While a growing national conversation has pointed to the damage that massive student loans have done to millennials’ financial well-being and future, that student loan debt could also pose a risk to their marriages. Student loan debt is a significant financial issue for many, especially young people. Across the country, the average educational debt burden is $34,144 while that number is $39,400 for people who graduated as part of the class of 2017. In addition, over the past decade, the percentage of borrowers who owe $50,000 or more has gone up by three times.
Student loan debt, like other types of debt, can impose severe financial pressure on a person. Borrowers may feel rushed to rid themselves of the debt and work longer hours in less desirable jobs in order to meet their financial goals. The debt itself can also be a major source of psychological stress that weighs on the mind and interferes with relationships. Surveys show that a number of millennials have delayed marriage because of their debt, including educational debt. For those who do decide to marry, the stress created by this burden can also put stress on the relationship and lead to divorce.
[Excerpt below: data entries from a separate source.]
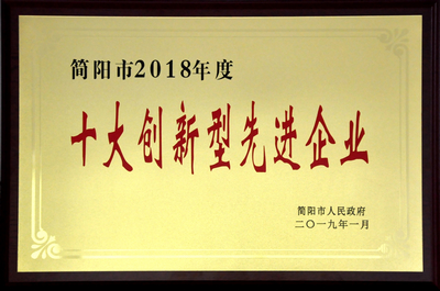近日,我公司被简阳市人民政府授予简阳市2018年度“十大创新型先进企业”。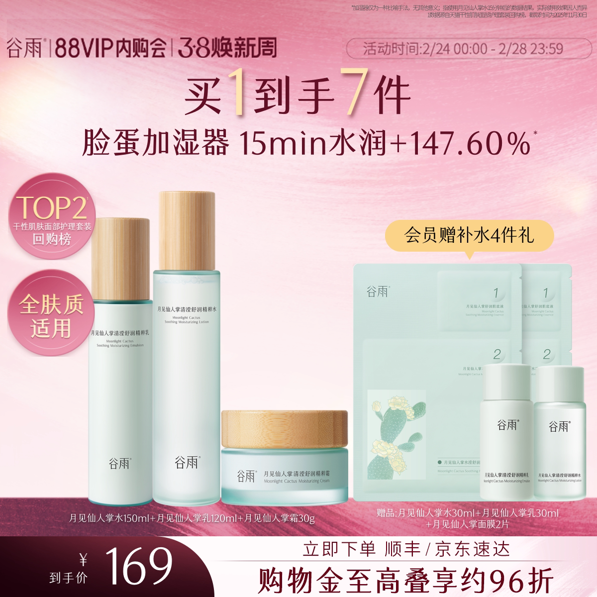 谷雨月见仙人掌水乳套装补水保湿干皮舒缓学生化妆品护肤品女正品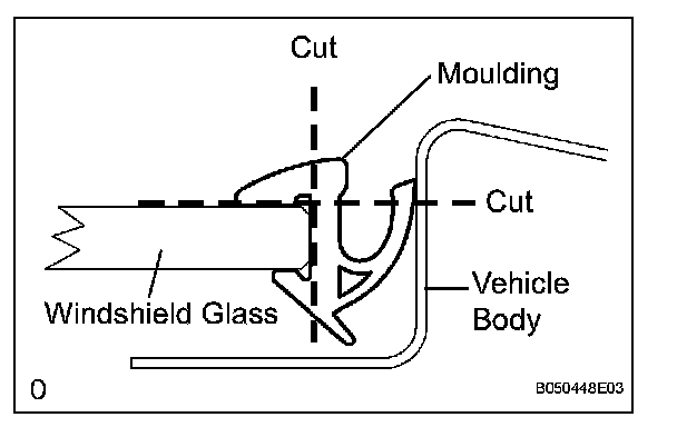 NOTICE: Leave as much adhesive on the vehicle body as possible when removing the windshield glass.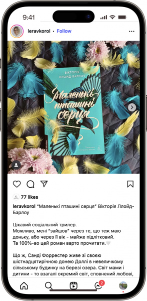 Цікаво було зазирнути у внутрішній світ героїні, книга написано легко, тут є напруження й гумор, майже детективна лінія і багато любові одного пташино серця….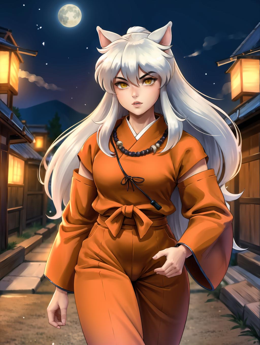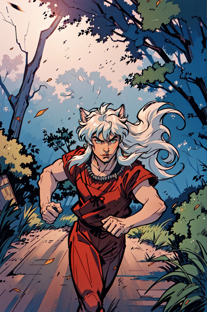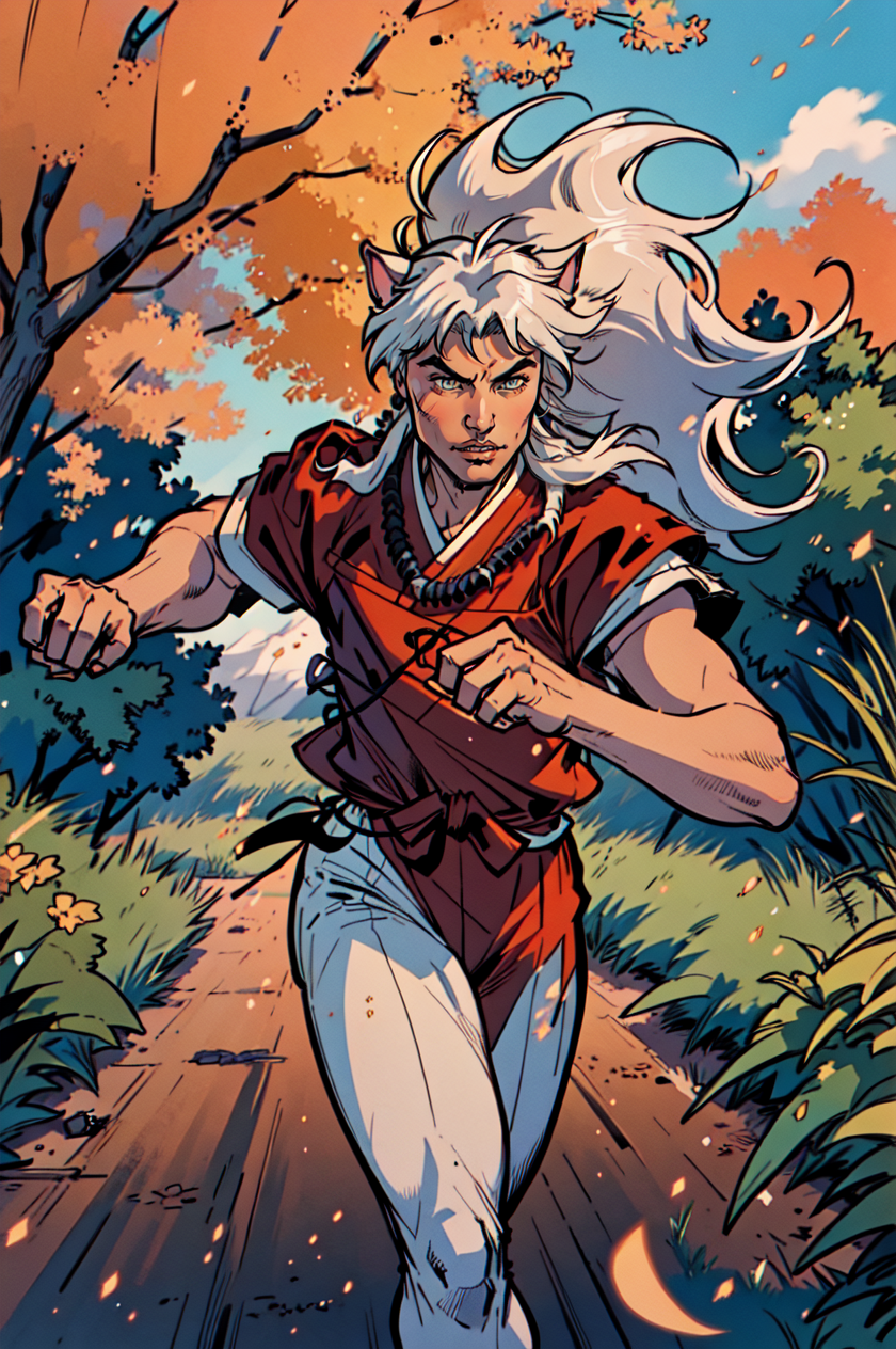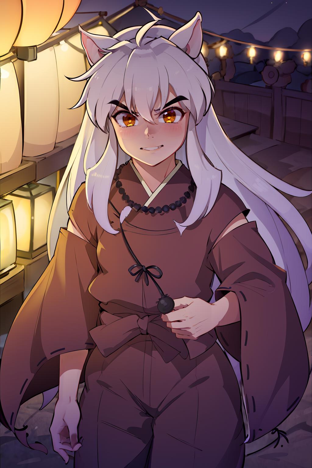 If you would like a more closer to anime look, use official style in your prompts. If he loses any of his characteristics you can help him restore them with: long hair ,white hair,dog ears,yellow eyes,red kimono,etc. I recommend to use him at 0.6~0.8, but 1 is fine although the anime style will take over.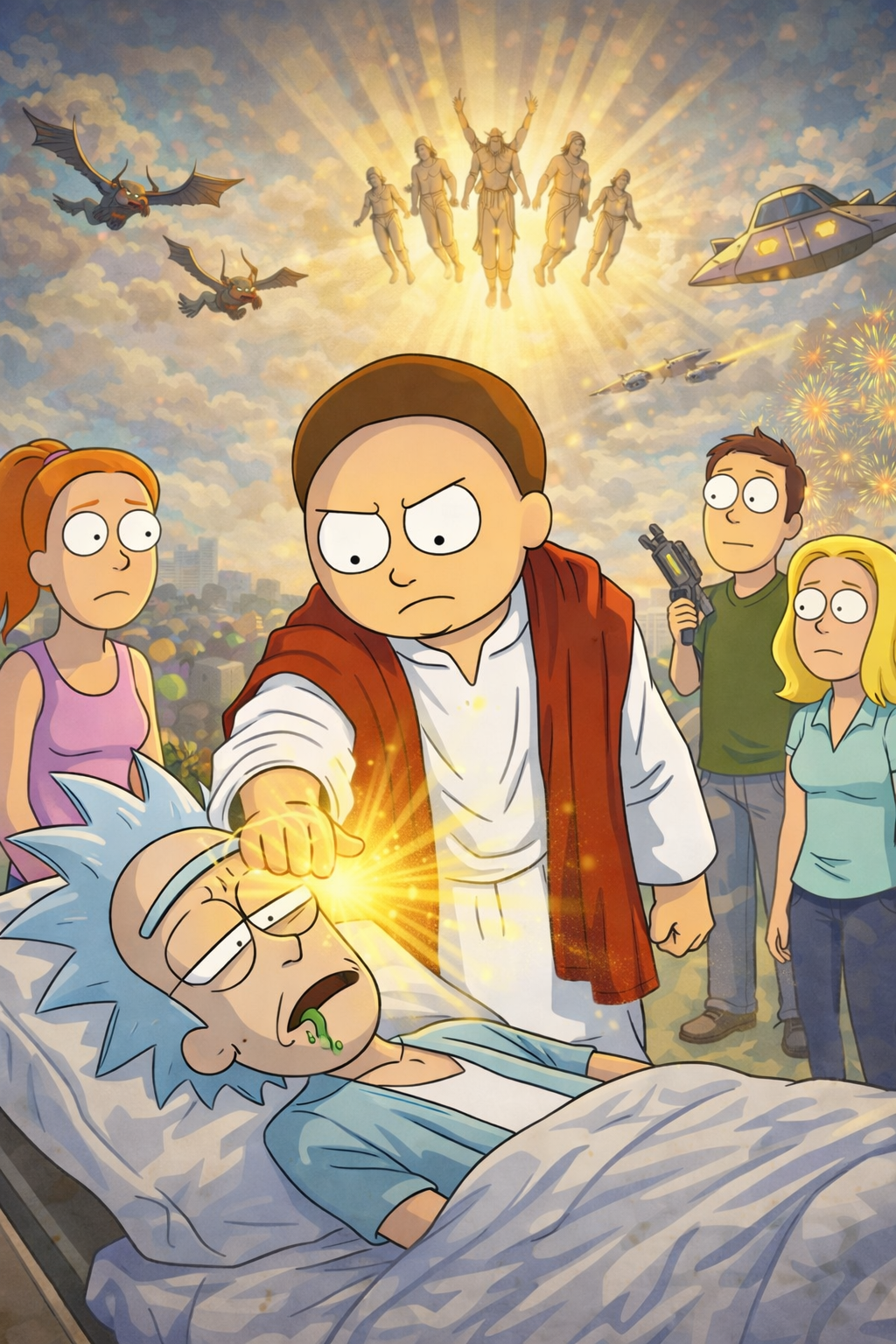 Мое предположение: на картинке - текущий лидер Ирана - Моджтаба Хаменеи. Основания: во первых, он, как говорят, как раз сейчас находится без сознания, так что наверняка лежит на какой-нибудь кровати, окруженный медсестрами. Кроме того, у него есть борода. Так что тут все сходится. Картина изображает как Трамп посылает ему мысленные сигналы, чтобы тот наконец очнулся, потому что нужен же кто-то, чтобы с этим кем-то договариваться! Вверху нарисовано сообщение, которое Трамп транслирует в голову Хаменеи - мол, если завтра не очнешься, я пошлю своих морпехов и даже одного назгула (это, вероятно, то самое секретное оружие Трампа, о котором он говорил).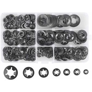 Specification: Material: 65 manganese steel. Quantity: 280pcs Size: Lock washers: M3*9mm, M4*12mm, M5*12mm, M6*14mm, M8*18mm, M10*20mm, M12*25mm Plastic box: 9.5*17*2.2cm Color: Black Packing list: 40 x M3 Starlock Washer 40 x M4 Starlock Washer 40 x M5 Starlock Washer 60 x M6 Starlock Washer 40: If you have any problems with our products, please contact us for a refund or replacement.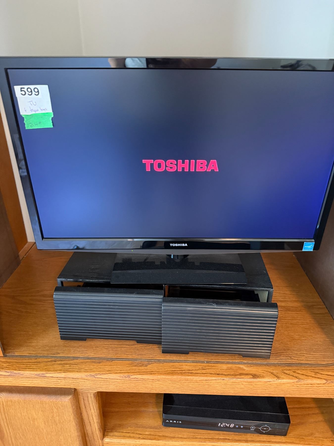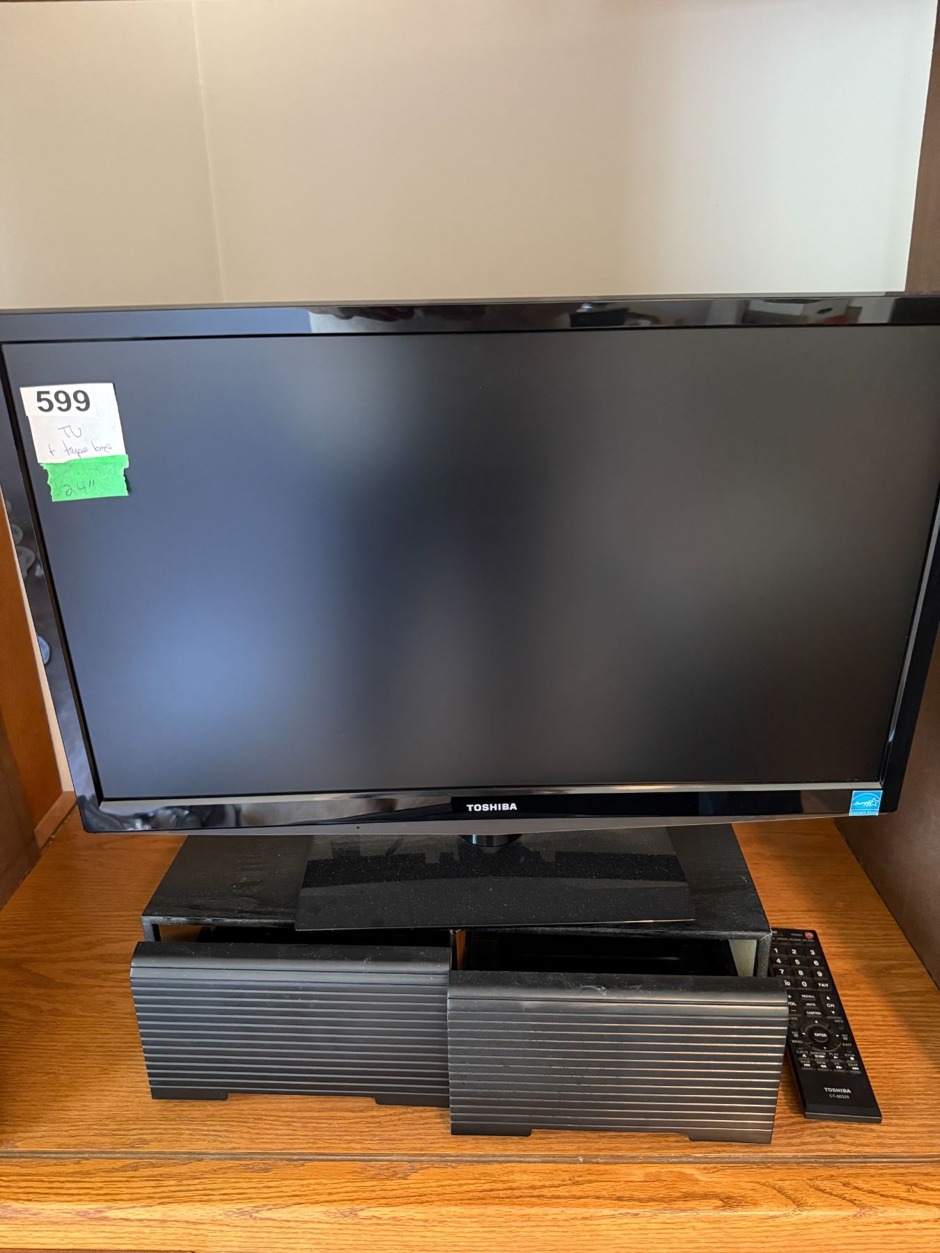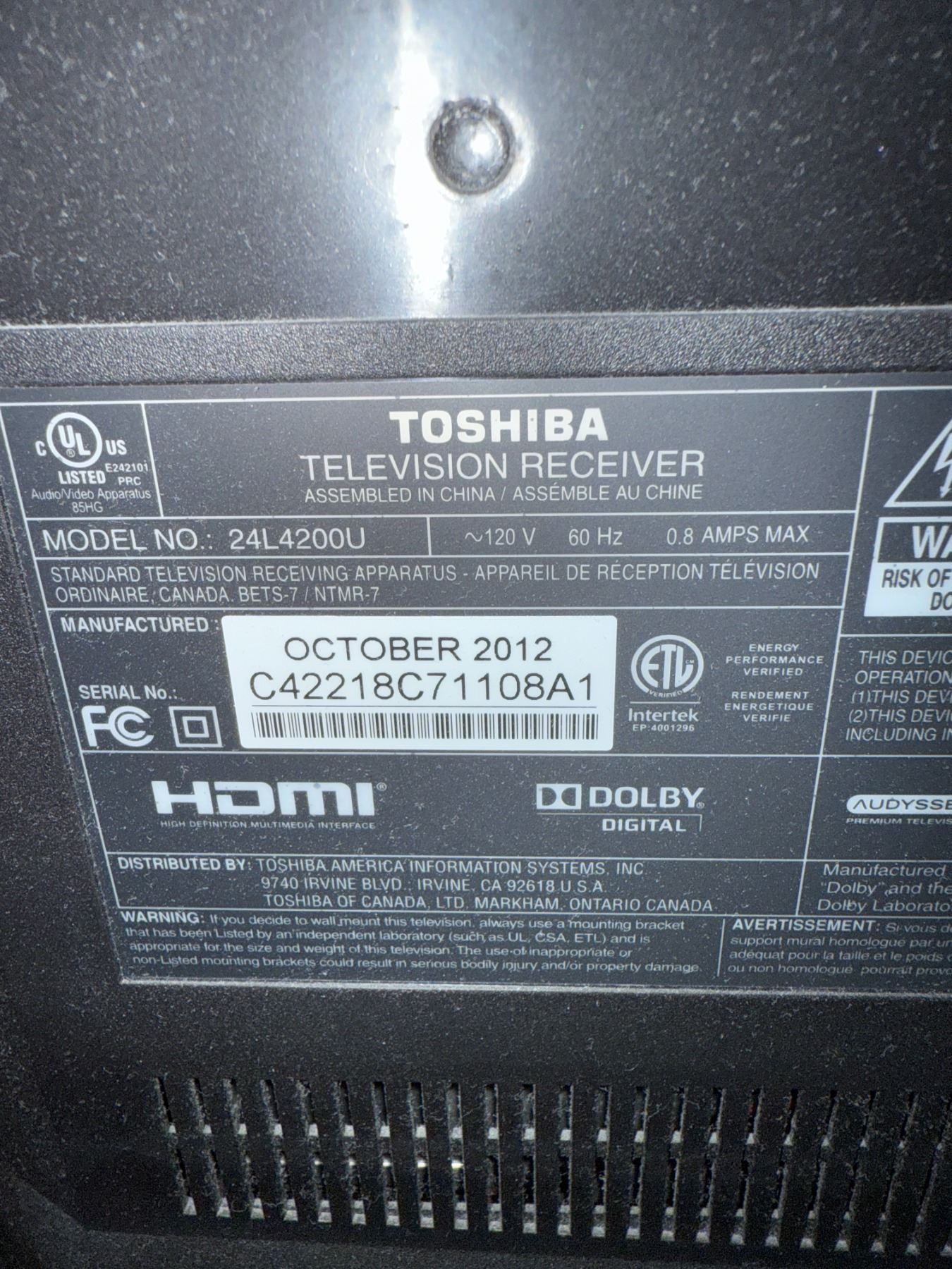 Toshiba 24" TV model 24L4200U and remote. Includes tape storage. In bedroom 2.

One survey of student loan borrowers found that a third of the divorced borrowers attributed the end of their marriages to financial issues, including outstanding student loan debt. Another 13 percent of respondents directly said that their divorces were caused by student loan struggles. Disputes over when to have children or purchase a home because of the debt can also overwhelm a marriage.
Financial incompatibilities, including the ways in which people spend and manage money, can reveal long-term irreconcilable differences. When these differences lead people to divorce, a family law attorney can work with a divorcing spouse to get a fair settlement in terms of property division and other key issues.